Activity — Omit the pictures and return exactly the stretch of the material below from the line with "нежности шёлка, BONAMI" through the line with "Ингредиенты: Ягнёнок 50%, субпродукты".

== Data supplied ==

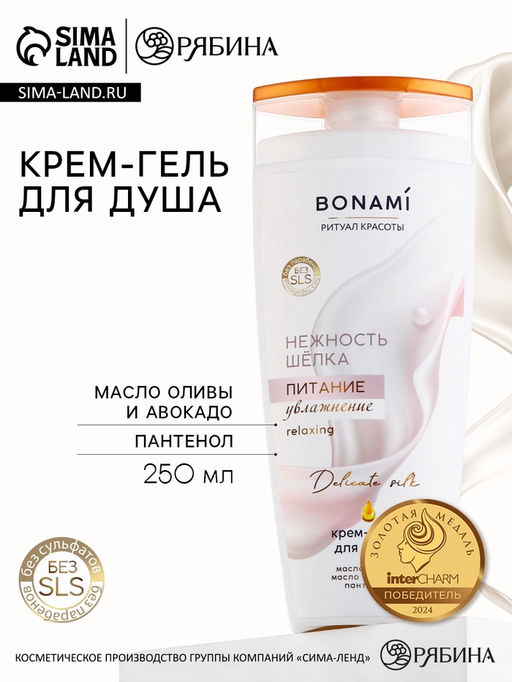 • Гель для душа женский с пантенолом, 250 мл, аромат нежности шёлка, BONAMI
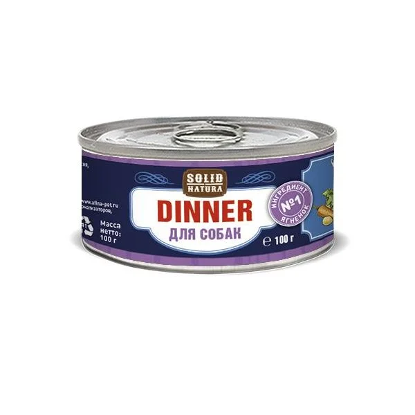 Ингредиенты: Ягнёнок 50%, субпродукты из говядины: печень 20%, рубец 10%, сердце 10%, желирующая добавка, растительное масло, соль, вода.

===
== Data supplied ==

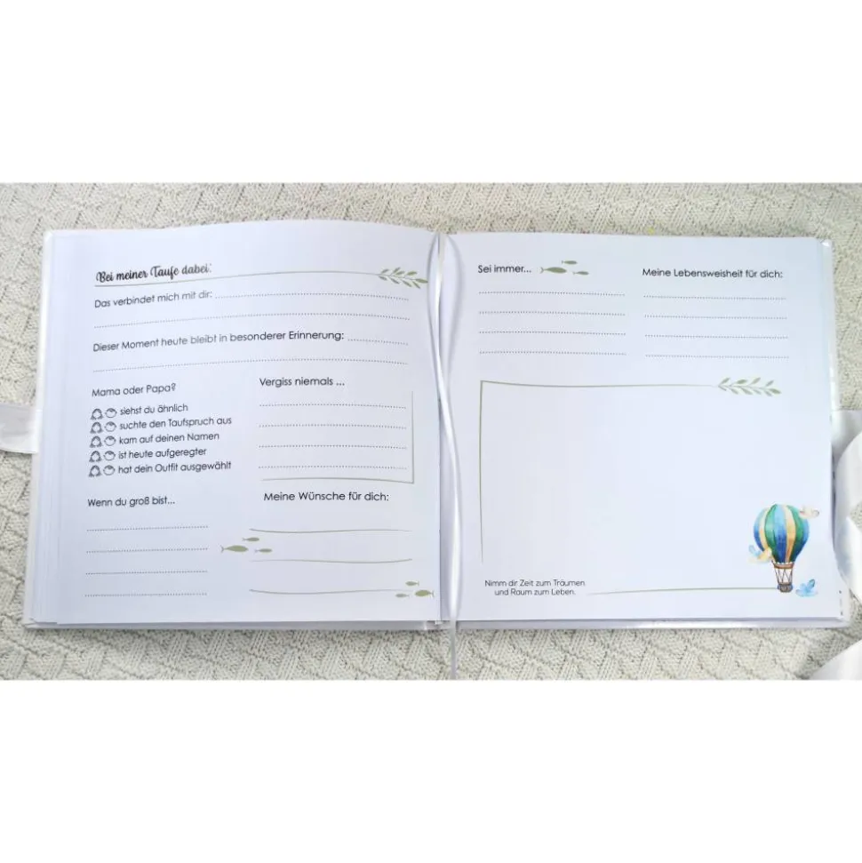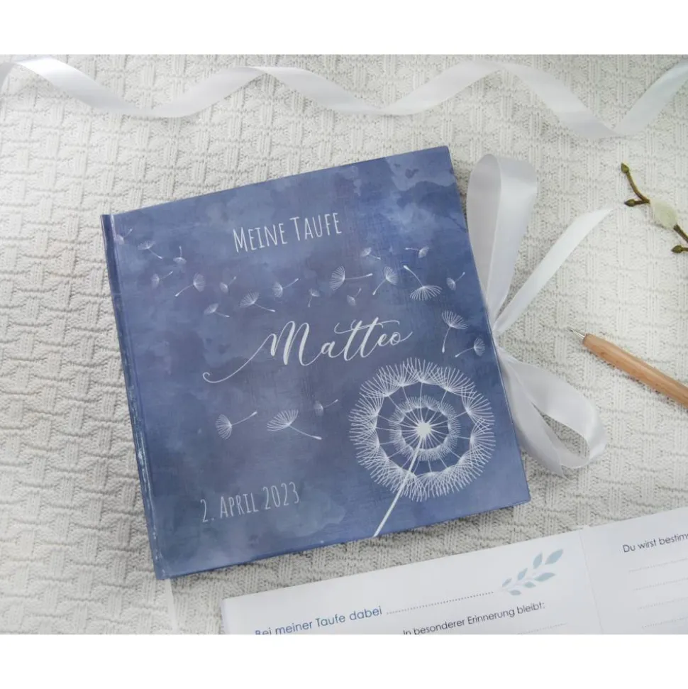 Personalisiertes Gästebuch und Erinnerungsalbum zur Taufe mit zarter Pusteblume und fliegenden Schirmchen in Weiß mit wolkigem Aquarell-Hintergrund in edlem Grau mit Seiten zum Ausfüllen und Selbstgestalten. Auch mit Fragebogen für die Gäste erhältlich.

===

Output for this task —
 • Гель для душа женский с пантенолом, 250 мл, аромат нежности шёлка, BONAMI
 Ингредиенты: Ягнёнок 50%, субпродукты из говядины: печень 20%, рубец 10%, сердце 10%, желирующая добавка, растительное масло, соль, вода.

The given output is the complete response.